I’m so over the hockey news being about this stupid redhead and this subpar team.
They’ll break up eventually.
No bond, no pack contract, no dice.
All the stupid comments from people who don’t know me have tears running down my eyes. Part of me wants to put them all in their place. But both Bram and Max’s PR firm have told them to keep their mouth shut until we sign a pack contract.
A pack contract that could take months from now because I can’t get a clear answer on if bonding while pregnant is safe or not. Not to mention, I don’t want them to feel what I’m going through right now. There’s no way I could burden someone with all of these feelings.
I could ask Piper, but what if she slips up and tells Owen before I get a chance to tell Max? Not that I think she’d do that, but it could happen. All the things I search online are conflicting,some saying it's safe to bond, others saying they miscarried after bonding, though none of those are on medical sites. It’s just too much information, and I don’t know what to do.
My hands shake as I put the phone down. I’m crippled by fear, and I don’t know what to do.
I’m scared I’m going to lose my pack because of some crazy accident. I’m afraid of losing them because the media is tearing us apart. I miss my family, and I don’t know how to make it better.
I’m fucking scared of everything.
So I do what I do best. I disassociate and crawl back into bed and act like I wasn’t crying in a closet.
It will be okay. I’ll be okay… I think.
CHAPTER 38
Finally, after weeks of recovery, weeks I didn’t even fucking need, I’m about to be back on the ice.
Minus some headaches and the time it took my bruises to heal, I’ve been more than ready to get back to work. I know I’m about to wake before my alarm, but when I turn over, Sloane is nowhere to be found.

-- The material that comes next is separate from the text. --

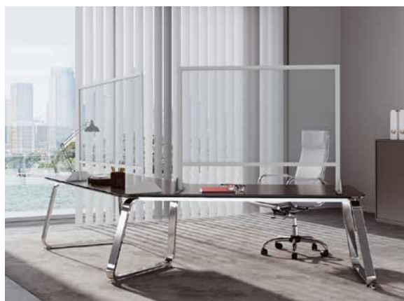
Mit wenigen Handgriffen ist der Hygieneschutz-Aufsteller installiert. Die klare Polycarbonatscheibe mit Aluminiumrahmen präsentiert sich so als eine dezente und ästhetische Lösung.
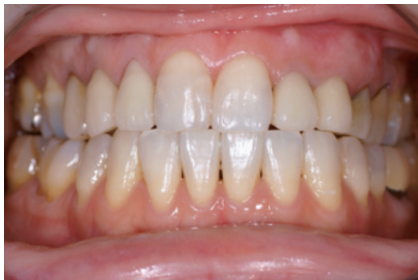
2-4 32|23 にハイブリッドレジン「グラディア フォルテ」を装着。全体的に明るくなり、バランスのとれた口腔内となった。

I pull back the covers and hear her retching before I push the bathroom door open. I pull back her wild hair and hold it as she pukes while I rub her back with my other hand.
“What’s wrong? Did you eat something bad?”
She doesn’t answer as she just throws up more.
“Should I postpone practice? I can wait to go back.”
Sloane shakes her head, and I realize I’m being annoying by asking her questions while she’s sick.
It probably shouldn’t be while she’s throwing her guts up that I wish I were bonded to her, but it is.
We agreed to wait till I was cleared and healthy; I was shocked Sloane was okay with waiting. If I’m being honest, she hasn’t been the same since the accident. She seems a lot more cautious about everything and hasn’t left the house much.
She grabs a bundle of toilet paper and cleans her face and flushes, and I let her hair go free.
“No, go to work. I must have eaten something that didn’t agree with me. I’ll be okay. Plus, Ethan will be home.”
“I don’t like it,” I say, and she gives me a watery smile.
“Seriously, go do what you love. I’ll be here waiting.”
“I love you more than hockey. You know this?”
“Yes, I know this,” she says, tapping my thigh. “Your bruises are completely gone, you’ve been medically cleared, and the team needs you. I’ll be fine, I promise. Go to work.”
“Are you just tired of watching TV with me all day?”
“No, and I promise I won’t watch anyPack Islandwithout you.”
“You better not. I need to know if Lyrik is going to stay and make things work with Remy and Cass or if she’s going to fly back home.”